In the listing below, find the line holding "搬迁群众在柏杨林易地扶贫搬迁" and the line holding "Hyväkuntoinen Billy kirjahylly.". Write out those two lines and all lines between, exactly, and nothing more.
Recorded information Start Marker
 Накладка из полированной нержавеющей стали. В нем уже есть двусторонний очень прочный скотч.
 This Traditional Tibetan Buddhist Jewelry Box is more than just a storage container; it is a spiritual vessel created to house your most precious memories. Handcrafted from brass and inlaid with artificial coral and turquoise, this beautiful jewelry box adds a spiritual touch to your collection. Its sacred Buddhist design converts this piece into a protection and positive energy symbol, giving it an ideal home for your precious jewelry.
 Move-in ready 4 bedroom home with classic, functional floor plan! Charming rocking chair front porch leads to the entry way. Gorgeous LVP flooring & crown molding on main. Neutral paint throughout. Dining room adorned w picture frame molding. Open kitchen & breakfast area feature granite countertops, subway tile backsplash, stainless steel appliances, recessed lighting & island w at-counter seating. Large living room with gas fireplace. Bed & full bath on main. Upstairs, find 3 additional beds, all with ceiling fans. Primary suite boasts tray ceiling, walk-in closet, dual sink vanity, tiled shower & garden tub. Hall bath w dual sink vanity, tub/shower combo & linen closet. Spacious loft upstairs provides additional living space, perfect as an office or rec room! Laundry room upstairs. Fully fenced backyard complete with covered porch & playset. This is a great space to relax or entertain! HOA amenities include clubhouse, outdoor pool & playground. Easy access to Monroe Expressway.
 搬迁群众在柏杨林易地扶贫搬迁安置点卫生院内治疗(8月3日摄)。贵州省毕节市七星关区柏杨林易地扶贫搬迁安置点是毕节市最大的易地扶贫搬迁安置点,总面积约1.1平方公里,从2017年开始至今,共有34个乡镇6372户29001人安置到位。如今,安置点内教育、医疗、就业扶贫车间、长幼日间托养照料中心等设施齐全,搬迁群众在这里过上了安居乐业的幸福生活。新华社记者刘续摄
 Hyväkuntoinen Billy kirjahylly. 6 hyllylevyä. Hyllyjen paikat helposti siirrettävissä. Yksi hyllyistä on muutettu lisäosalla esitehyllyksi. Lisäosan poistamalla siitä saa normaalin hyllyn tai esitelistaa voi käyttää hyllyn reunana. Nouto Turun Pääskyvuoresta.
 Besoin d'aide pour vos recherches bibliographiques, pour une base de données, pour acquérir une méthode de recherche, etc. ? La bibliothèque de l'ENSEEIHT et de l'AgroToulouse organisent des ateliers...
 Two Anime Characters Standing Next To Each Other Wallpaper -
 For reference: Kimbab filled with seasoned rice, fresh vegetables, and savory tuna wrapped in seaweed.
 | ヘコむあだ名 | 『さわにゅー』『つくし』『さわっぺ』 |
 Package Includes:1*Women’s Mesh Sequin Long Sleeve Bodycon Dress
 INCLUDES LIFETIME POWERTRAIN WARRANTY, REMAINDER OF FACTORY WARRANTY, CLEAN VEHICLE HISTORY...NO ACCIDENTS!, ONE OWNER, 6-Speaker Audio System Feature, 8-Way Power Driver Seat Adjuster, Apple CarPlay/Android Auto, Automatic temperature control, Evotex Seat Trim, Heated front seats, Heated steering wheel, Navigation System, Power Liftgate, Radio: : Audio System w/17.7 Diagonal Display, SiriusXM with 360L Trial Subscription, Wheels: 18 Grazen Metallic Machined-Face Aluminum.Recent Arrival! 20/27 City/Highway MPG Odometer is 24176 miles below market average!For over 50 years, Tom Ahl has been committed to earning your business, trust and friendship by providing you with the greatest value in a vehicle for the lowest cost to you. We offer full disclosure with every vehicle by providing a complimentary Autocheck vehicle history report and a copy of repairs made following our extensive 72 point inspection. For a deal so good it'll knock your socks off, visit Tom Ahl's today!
Recorded information End Marker
Recorded information Start Marker
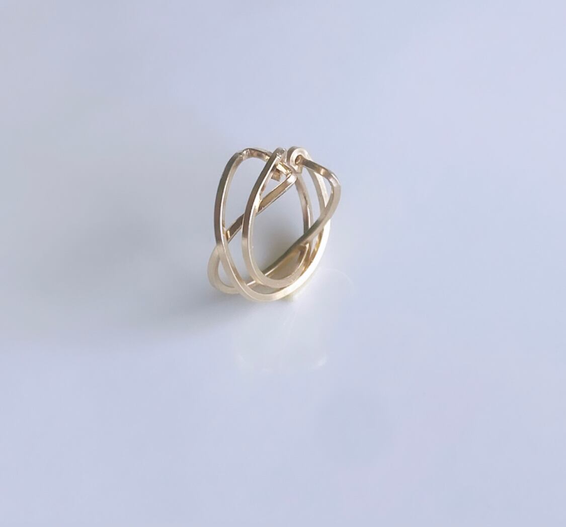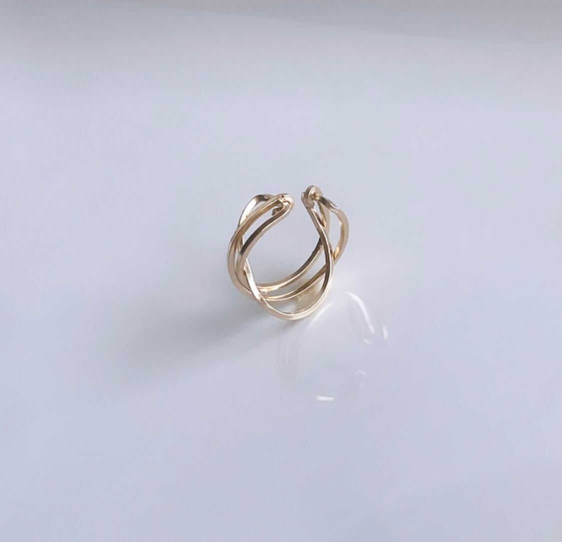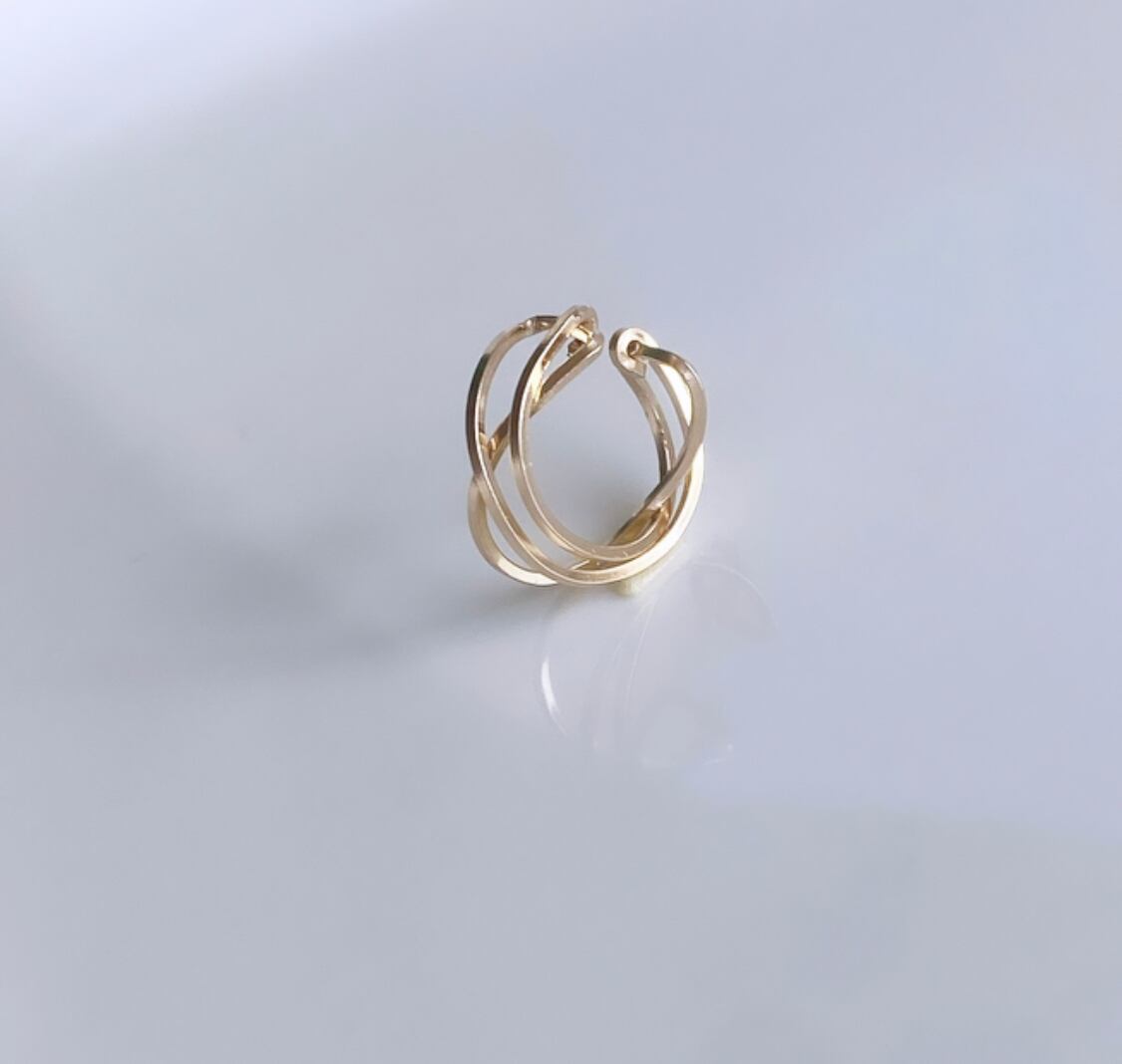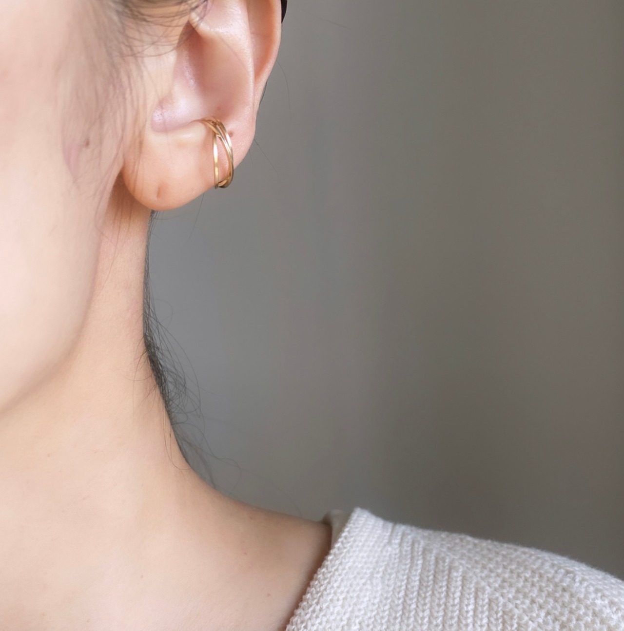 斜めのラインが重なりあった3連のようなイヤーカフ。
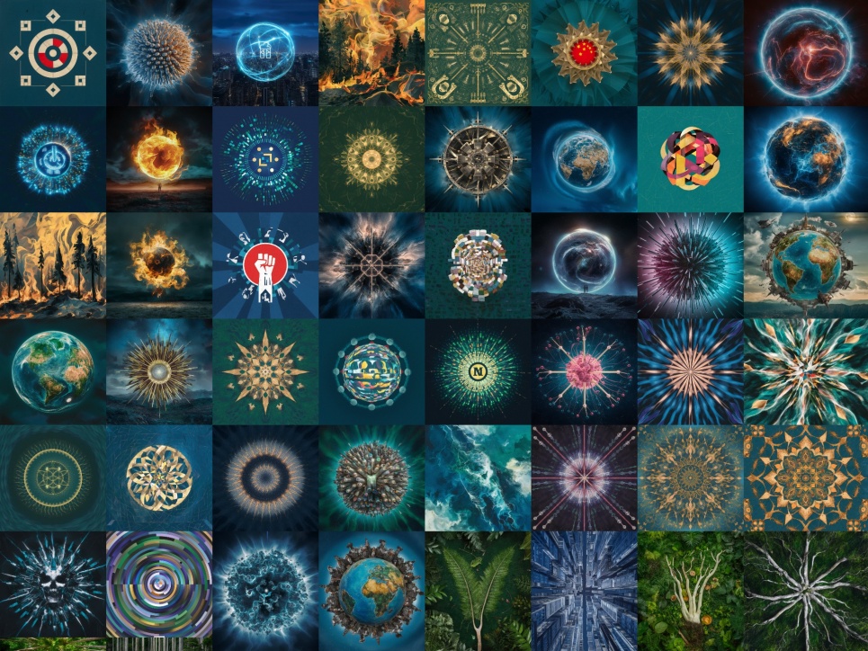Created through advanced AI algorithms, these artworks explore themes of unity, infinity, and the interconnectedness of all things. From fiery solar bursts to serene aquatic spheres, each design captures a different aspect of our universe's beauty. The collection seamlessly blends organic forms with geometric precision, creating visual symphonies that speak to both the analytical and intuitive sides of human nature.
Recorded information End Marker
Recorded information Start Marker
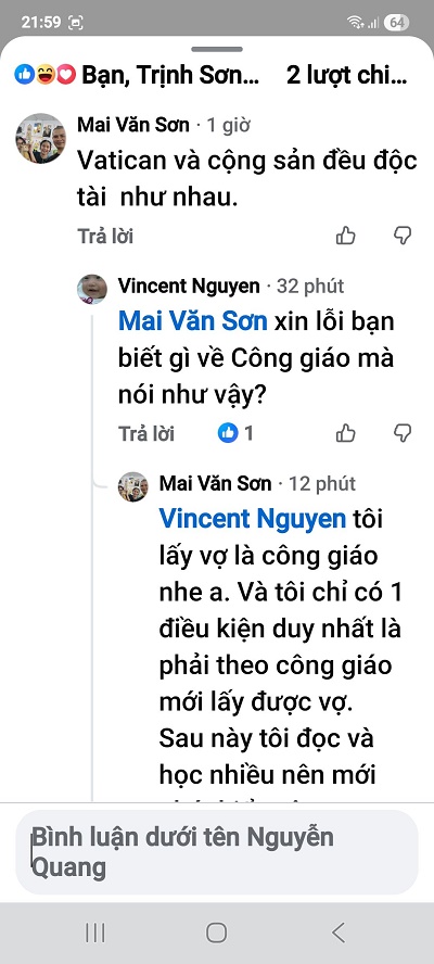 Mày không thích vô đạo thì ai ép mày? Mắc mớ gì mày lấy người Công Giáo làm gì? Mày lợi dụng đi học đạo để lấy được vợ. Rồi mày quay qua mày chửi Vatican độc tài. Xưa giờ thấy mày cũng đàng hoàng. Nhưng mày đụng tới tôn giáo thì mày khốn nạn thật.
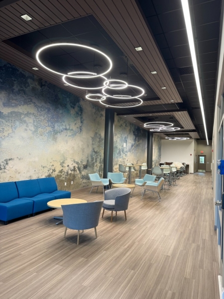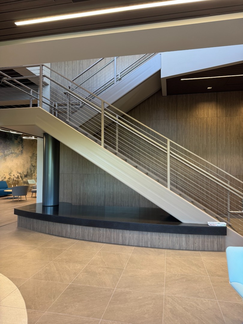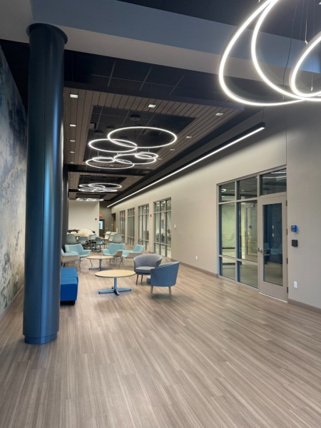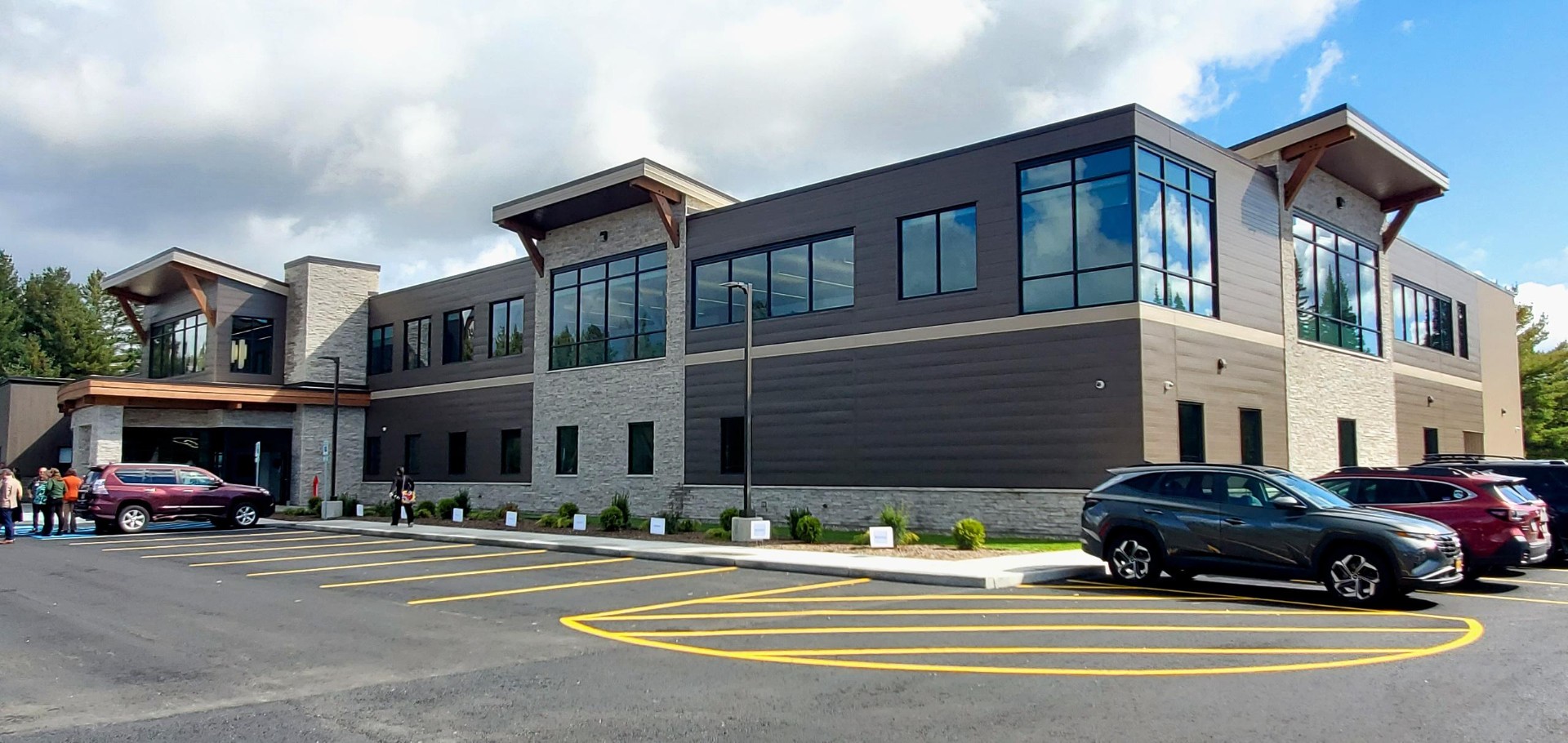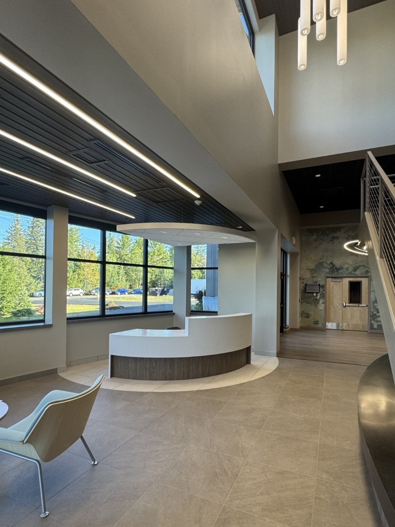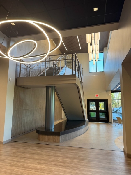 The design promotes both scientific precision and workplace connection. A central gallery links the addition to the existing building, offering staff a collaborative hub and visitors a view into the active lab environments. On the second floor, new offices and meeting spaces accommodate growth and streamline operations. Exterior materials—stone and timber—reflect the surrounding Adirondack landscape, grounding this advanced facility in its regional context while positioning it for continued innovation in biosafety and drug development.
Recorded information End Marker
Output below
 搬迁群众在柏杨林易地扶贫搬迁安置点卫生院内治疗(8月3日摄)。贵州省毕节市七星关区柏杨林易地扶贫搬迁安置点是毕节市最大的易地扶贫搬迁安置点,总面积约1.1平方公里,从2017年开始至今,共有34个乡镇6372户29001人安置到位。如今,安置点内教育、医疗、就业扶贫车间、长幼日间托养照料中心等设施齐全,搬迁群众在这里过上了安居乐业的幸福生活。新华社记者刘续摄
 Hyväkuntoinen Billy kirjahylly. 6 hyllylevyä. Hyllyjen paikat helposti siirrettävissä. Yksi hyllyistä on muutettu lisäosalla esitehyllyksi. Lisäosan poistamalla siitä saa normaalin hyllyn tai esitelistaa voi käyttää hyllyn reunana. Nouto Turun Pääskyvuoresta.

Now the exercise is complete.